Received Date: March 12, 2021 Accepted Date: April 12, 2021 Published Date: April 14, 2021

doi: 10.17303/jcvm.2021.7.105

Citation: Wang Hao-hua (2021) Effect of Nasal Continuous Positive Airway Pressure on Plasma Asprosin, Chemerin and ANGPTL4 Levels in Patients with Obstructive Sleep Apnea. J Cardio Vasc Med 7: 1-8.

Abstract

Aim: Obstructive sleep apnea (OSA) is associated with insulin resistance and cardiovascular disease. Adipokine has been suggested to play a role in the development of these diseases through their role in regulating the metabolism of plasma lipid molecules. This study was designed to evaluate the effect of nasal continuous positive airway pressure (CPAP) on plasma asprosin, chemerin and angiopoietin-like 4(ANGPTL4) levels in patients with OSA.

Method: Fifty subjects with newly diagnosed OSA and fifty healthy individuals were enrolled. Patients were admitted with nasal CPAP treatment for 6 months. Plasma asprosin, chemerin and ANGPTL4 levels, as well as brachial–ankle pulse wave velocity (ba-PWV) and ankle–brachial index (ABI), were measured at baseline and after treatment.
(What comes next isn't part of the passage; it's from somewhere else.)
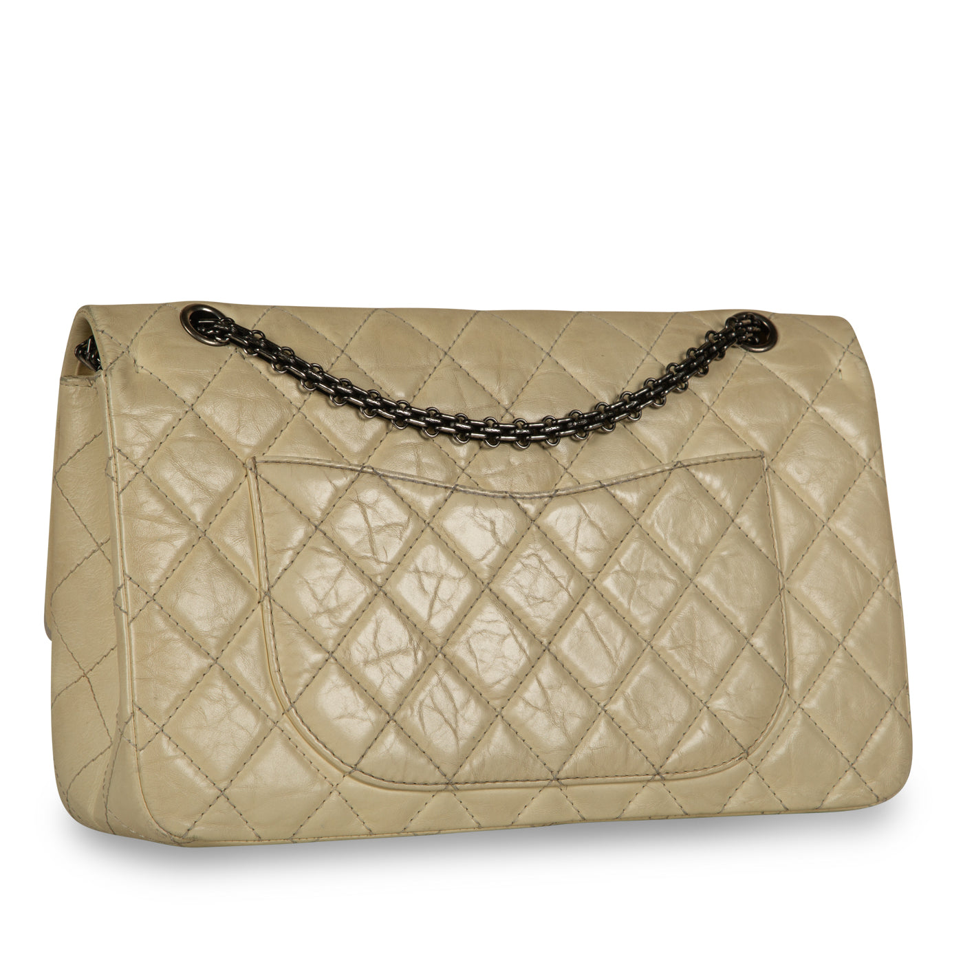For timeless Parisian-chic there is no better investment than a Chanel classic flap bag, and this 2.55 re-issue is classic and stunning. This stylish shoulder bag is beautifully crafted in diamond quilted cream aged calfskin leather with a brushed ruthenium hardware tone. Under the creative direction of Karl Lagerfeld, Chanel have continued to create these flawlessly crafted handbags which last a lifetime.

Results: Plasma chemerin levels, BMI, HOMA-IR and ba-PWV were significantly higher (P< 0.05, respectively), whereas plasma asprosin, ANGPTL4 levels and ABI were significantly lower in patients with OSA than those in healthy individuals (P< 0.05, respectively). After treatment, the patients showed higher plasma asprosin ANGPTL4 levels, and ABI (p<0.05), while plasma chemerin levels, BMI, HOMA-IR and ba-PWV were lower (p<0.05). The changes in HOMA-IR, ba-PWV and ABI were correlated with the changes in plasma asprosin, chemerin and ANGPTL4 levels over the study period (p<0.05).
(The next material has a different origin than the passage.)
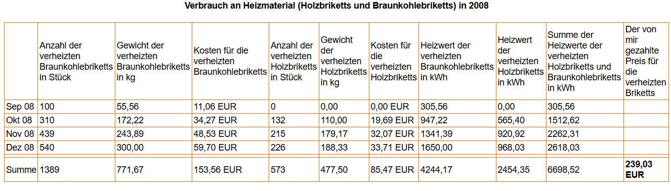Die von uns, von September 2008 bis Dezember 2008, verheizte Menge an Holzbriketts und Braunkohlebriketts habe ich mir notiert.

Conclusion: Nasal CPAP treatment exhibited significant changes in plasma asprosin, chemerin and ANGPTL4 levels, which may contribute to improve insulin resistance and endothelial function in patients with OSA.

Keywords: Obstructive sleep apnea; endothelial function; insulin resistance; Adipokine; CPAP

Introduction

Obstructive sleep apnea (OSA) is a sleep-related breathing disorder and becoming increasingly prevalent worldwide. It is characterized by repetitive collapse of the upper airway during sleep, resulting in imped¬ance to airflow and hypoxia l [1]. OSA has been recognized as a major health problem associated with the increased risk of insulin resistance and cardiovascular diseases [2–3].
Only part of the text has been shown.